How can i remove matched elements in c++ while keeping the same order ? i found similar question here but they sort the elements while i want to keep the order for example i have v1{1,2,3,4} , v2{8,6,2,4,3} ,the result should be {1},{8,6}.
here is my code
#include <iostream>
#include<vector>
using namespace std;
int main() {
vector<int> v1{1,2,3,4},v2{8,2,4,3};
for (auto i=0;i<v1.size();i++){
for (auto j=0;j<v2.size();j++){
if (v1[i]==v2[j])
{
v1.erase(v1.begin()+i);
v2.erase(v2.begin()+j);
}
}
}
return 0;
}
but it gives wrong result so how can i get it done?
If you can avoid raw loops, like this
#include <algorithm>
#include <iostream>
#include <vector>
int main()
{
std::vector<int> v1{1, 2, 3, 4}, v2{ 8,2,4,3,6 };
auto it1 = std::remove_if(v1.begin(), v1.end(), [&](const int value) { return (std::find(v2.begin(), v2.end(), value) != v2.end()); });
// don't erase just yet (elements to be deleted will be moved to end, the rest should have preserved their order)
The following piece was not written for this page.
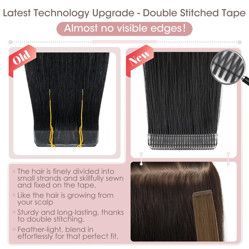 - MAXIMUM HOLD FOR GUARANTEED CONFIDENCE: Experience a firm hold with our double seam design for real human hair tape-ins that minimizes shedding and provides a damage-free experience compared to similar products. Highlight your style with this secure hold.

auto it2 = std::remove_if(v2.begin(), v2.end(), [&](const int value) { return (std::find(v1.begin(), v1.end(), value) != v1.end()); });
v1.erase(it1, v1.end());
v2.erase(it2, v2.end());
for (const int value : v1) std::cout << value << " ";
std::cout << "\n";
for (const int value : v2) std::cout << value << " ";
std::cout << "\n";
return 0;
}